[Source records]

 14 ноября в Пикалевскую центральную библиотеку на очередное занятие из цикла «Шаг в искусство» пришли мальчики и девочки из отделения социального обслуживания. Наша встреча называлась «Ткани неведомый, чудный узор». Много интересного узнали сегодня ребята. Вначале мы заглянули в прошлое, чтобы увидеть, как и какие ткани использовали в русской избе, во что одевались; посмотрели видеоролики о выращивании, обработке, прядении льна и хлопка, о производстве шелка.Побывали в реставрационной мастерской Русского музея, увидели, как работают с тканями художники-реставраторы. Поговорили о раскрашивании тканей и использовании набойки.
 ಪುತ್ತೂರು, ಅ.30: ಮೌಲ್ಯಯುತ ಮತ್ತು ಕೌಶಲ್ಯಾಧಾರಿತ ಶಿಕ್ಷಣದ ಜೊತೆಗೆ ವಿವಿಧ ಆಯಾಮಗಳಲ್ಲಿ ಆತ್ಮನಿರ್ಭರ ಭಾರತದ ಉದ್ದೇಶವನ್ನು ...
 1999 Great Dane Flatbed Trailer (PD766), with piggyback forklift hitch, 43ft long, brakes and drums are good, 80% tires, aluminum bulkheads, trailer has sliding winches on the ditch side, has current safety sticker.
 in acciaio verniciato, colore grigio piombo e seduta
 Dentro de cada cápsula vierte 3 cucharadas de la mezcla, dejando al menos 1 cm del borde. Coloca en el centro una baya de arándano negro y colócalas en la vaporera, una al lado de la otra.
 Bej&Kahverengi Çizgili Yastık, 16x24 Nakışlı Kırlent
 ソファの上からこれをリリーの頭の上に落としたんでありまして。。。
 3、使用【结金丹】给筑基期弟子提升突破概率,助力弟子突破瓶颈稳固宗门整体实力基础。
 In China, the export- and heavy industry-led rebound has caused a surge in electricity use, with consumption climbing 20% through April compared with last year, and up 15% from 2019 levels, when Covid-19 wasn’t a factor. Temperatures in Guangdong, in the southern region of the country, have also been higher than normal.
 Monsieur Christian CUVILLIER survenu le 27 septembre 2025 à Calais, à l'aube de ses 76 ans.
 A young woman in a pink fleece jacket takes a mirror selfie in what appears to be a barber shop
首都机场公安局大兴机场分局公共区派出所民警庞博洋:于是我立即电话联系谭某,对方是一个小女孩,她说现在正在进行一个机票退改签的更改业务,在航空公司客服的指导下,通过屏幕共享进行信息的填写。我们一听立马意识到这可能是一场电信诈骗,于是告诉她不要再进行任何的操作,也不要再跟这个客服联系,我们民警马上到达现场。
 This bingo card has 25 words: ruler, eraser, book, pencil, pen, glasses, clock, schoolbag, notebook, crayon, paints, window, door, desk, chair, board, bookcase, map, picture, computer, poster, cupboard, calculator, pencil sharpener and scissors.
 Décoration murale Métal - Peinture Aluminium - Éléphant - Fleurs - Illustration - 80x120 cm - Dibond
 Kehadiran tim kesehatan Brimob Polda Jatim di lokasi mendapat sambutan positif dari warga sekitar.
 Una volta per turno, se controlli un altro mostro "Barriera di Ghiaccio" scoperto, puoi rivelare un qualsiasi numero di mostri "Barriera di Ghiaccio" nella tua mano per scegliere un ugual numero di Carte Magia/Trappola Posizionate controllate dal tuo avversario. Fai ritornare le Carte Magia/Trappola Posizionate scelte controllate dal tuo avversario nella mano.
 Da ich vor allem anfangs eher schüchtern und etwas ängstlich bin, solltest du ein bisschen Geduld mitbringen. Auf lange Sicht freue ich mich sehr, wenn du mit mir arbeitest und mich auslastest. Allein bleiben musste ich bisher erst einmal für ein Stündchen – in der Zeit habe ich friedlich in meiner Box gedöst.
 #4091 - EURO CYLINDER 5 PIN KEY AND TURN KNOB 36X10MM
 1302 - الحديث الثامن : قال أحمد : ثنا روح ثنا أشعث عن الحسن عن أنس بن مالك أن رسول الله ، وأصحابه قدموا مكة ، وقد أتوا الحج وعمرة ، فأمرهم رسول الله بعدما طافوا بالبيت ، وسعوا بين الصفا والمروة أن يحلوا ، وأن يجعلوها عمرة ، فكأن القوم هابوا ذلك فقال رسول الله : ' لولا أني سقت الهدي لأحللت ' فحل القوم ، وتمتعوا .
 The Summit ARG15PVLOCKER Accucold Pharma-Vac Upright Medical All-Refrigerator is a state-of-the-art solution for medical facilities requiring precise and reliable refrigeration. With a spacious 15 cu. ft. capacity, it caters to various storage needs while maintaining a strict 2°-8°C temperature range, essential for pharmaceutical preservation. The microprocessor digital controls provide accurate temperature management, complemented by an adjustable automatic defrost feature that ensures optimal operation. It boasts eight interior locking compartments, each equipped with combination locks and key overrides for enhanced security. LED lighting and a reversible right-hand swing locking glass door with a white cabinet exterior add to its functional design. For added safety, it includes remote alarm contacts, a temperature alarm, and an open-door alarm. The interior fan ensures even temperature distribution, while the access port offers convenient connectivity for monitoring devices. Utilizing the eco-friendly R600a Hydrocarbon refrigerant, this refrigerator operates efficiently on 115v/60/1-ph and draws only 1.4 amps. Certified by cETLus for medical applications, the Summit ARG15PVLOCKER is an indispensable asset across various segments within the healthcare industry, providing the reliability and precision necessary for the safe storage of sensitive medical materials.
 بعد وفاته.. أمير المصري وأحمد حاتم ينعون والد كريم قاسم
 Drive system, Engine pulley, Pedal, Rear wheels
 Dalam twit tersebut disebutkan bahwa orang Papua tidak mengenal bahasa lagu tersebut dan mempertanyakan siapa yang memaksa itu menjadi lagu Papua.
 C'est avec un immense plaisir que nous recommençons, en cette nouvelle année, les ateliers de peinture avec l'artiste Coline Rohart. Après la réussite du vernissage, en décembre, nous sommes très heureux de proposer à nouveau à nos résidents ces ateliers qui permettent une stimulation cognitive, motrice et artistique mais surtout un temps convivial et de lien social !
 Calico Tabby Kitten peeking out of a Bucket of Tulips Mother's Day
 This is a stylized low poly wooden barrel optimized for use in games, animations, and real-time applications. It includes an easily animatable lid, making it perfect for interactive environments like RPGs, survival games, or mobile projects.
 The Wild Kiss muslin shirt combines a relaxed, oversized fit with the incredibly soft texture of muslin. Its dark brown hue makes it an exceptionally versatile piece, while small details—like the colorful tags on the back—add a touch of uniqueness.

◆ Exercise instructions
I need all of the records above retyped exactly, please.

◆ Exercise output
 14 ноября в Пикалевскую центральную библиотеку на очередное занятие из цикла «Шаг в искусство» пришли мальчики и девочки из отделения социального обслуживания. Наша встреча называлась «Ткани неведомый, чудный узор». Много интересного узнали сегодня ребята. Вначале мы заглянули в прошлое, чтобы увидеть, как и какие ткани использовали в русской избе, во что одевались; посмотрели видеоролики о выращивании, обработке, прядении льна и хлопка, о производстве шелка.Побывали в реставрационной мастерской Русского музея, увидели, как работают с тканями художники-реставраторы. Поговорили о раскрашивании тканей и использовании набойки.
 ಪುತ್ತೂರು, ಅ.30: ಮೌಲ್ಯಯುತ ಮತ್ತು ಕೌಶಲ್ಯಾಧಾರಿತ ಶಿಕ್ಷಣದ ಜೊತೆಗೆ ವಿವಿಧ ಆಯಾಮಗಳಲ್ಲಿ ಆತ್ಮನಿರ್ಭರ ಭಾರತದ ಉದ್ದೇಶವನ್ನು ...
 1999 Great Dane Flatbed Trailer (PD766), with piggyback forklift hitch, 43ft long, brakes and drums are good, 80% tires, aluminum bulkheads, trailer has sliding winches on the ditch side, has current safety sticker.
 in acciaio verniciato, colore grigio piombo e seduta
 Dentro de cada cápsula vierte 3 cucharadas de la mezcla, dejando al menos 1 cm del borde. Coloca en el centro una baya de arándano negro y colócalas en la vaporera, una al lado de la otra.
 Bej&Kahverengi Çizgili Yastık, 16x24 Nakışlı Kırlent
 ソファの上からこれをリリーの頭の上に落としたんでありまして。。。
 3、使用【结金丹】给筑基期弟子提升突破概率,助力弟子突破瓶颈稳固宗门整体实力基础。
 In China, the export- and heavy industry-led rebound has caused a surge in electricity use, with consumption climbing 20% through April compared with last year, and up 15% from 2019 levels, when Covid-19 wasn’t a factor. Temperatures in Guangdong, in the southern region of the country, have also been higher than normal.
 Monsieur Christian CUVILLIER survenu le 27 septembre 2025 à Calais, à l'aube de ses 76 ans.
 A young woman in a pink fleece jacket takes a mirror selfie in what appears to be a barber shop
首都机场公安局大兴机场分局公共区派出所民警庞博洋:于是我立即电话联系谭某,对方是一个小女孩,她说现在正在进行一个机票退改签的更改业务,在航空公司客服的指导下,通过屏幕共享进行信息的填写。我们一听立马意识到这可能是一场电信诈骗,于是告诉她不要再进行任何的操作,也不要再跟这个客服联系,我们民警马上到达现场。
 This bingo card has 25 words: ruler, eraser, book, pencil, pen, glasses, clock, schoolbag, notebook, crayon, paints, window, door, desk, chair, board, bookcase, map, picture, computer, poster, cupboard, calculator, pencil sharpener and scissors.
 Décoration murale Métal - Peinture Aluminium - Éléphant - Fleurs - Illustration - 80x120 cm - Dibond
 Kehadiran tim kesehatan Brimob Polda Jatim di lokasi mendapat sambutan positif dari warga sekitar.
 Una volta per turno, se controlli un altro mostro "Barriera di Ghiaccio" scoperto, puoi rivelare un qualsiasi numero di mostri "Barriera di Ghiaccio" nella tua mano per scegliere un ugual numero di Carte Magia/Trappola Posizionate controllate dal tuo avversario. Fai ritornare le Carte Magia/Trappola Posizionate scelte controllate dal tuo avversario nella mano.
 Da ich vor allem anfangs eher schüchtern und etwas ängstlich bin, solltest du ein bisschen Geduld mitbringen. Auf lange Sicht freue ich mich sehr, wenn du mit mir arbeitest und mich auslastest. Allein bleiben musste ich bisher erst einmal für ein Stündchen – in der Zeit habe ich friedlich in meiner Box gedöst.
 #4091 - EURO CYLINDER 5 PIN KEY AND TURN KNOB 36X10MM
 1302 - الحديث الثامن : قال أحمد : ثنا روح ثنا أشعث عن الحسن عن أنس بن مالك أن رسول الله ، وأصحابه قدموا مكة ، وقد أتوا الحج وعمرة ، فأمرهم رسول الله بعدما طافوا بالبيت ، وسعوا بين الصفا والمروة أن يحلوا ، وأن يجعلوها عمرة ، فكأن القوم هابوا ذلك فقال رسول الله : ' لولا أني سقت الهدي لأحللت ' فحل القوم ، وتمتعوا .
 The Summit ARG15PVLOCKER Accucold Pharma-Vac Upright Medical All-Refrigerator is a state-of-the-art solution for medical facilities requiring precise and reliable refrigeration. With a spacious 15 cu. ft. capacity, it caters to various storage needs while maintaining a strict 2°-8°C temperature range, essential for pharmaceutical preservation. The microprocessor digital controls provide accurate temperature management, complemented by an adjustable automatic defrost feature that ensures optimal operation. It boasts eight interior locking compartments, each equipped with combination locks and key overrides for enhanced security. LED lighting and a reversible right-hand swing locking glass door with a white cabinet exterior add to its functional design. For added safety, it includes remote alarm contacts, a temperature alarm, and an open-door alarm. The interior fan ensures even temperature distribution, while the access port offers convenient connectivity for monitoring devices. Utilizing the eco-friendly R600a Hydrocarbon refrigerant, this refrigerator operates efficiently on 115v/60/1-ph and draws only 1.4 amps. Certified by cETLus for medical applications, the Summit ARG15PVLOCKER is an indispensable asset across various segments within the healthcare industry, providing the reliability and precision necessary for the safe storage of sensitive medical materials.
 بعد وفاته.. أمير المصري وأحمد حاتم ينعون والد كريم قاسم
 Drive system, Engine pulley, Pedal, Rear wheels
 Dalam twit tersebut disebutkan bahwa orang Papua tidak mengenal bahasa lagu tersebut dan mempertanyakan siapa yang memaksa itu menjadi lagu Papua.
 C'est avec un immense plaisir que nous recommençons, en cette nouvelle année, les ateliers de peinture avec l'artiste Coline Rohart. Après la réussite du vernissage, en décembre, nous sommes très heureux de proposer à nouveau à nos résidents ces ateliers qui permettent une stimulation cognitive, motrice et artistique mais surtout un temps convivial et de lien social !
 Calico Tabby Kitten peeking out of a Bucket of Tulips Mother's Day
 This is a stylized low poly wooden barrel optimized for use in games, animations, and real-time applications. It includes an easily animatable lid, making it perfect for interactive environments like RPGs, survival games, or mobile projects.
 The Wild Kiss muslin shirt combines a relaxed, oversized fit with the incredibly soft texture of muslin. Its dark brown hue makes it an exceptionally versatile piece, while small details—like the colorful tags on the back—add a touch of uniqueness.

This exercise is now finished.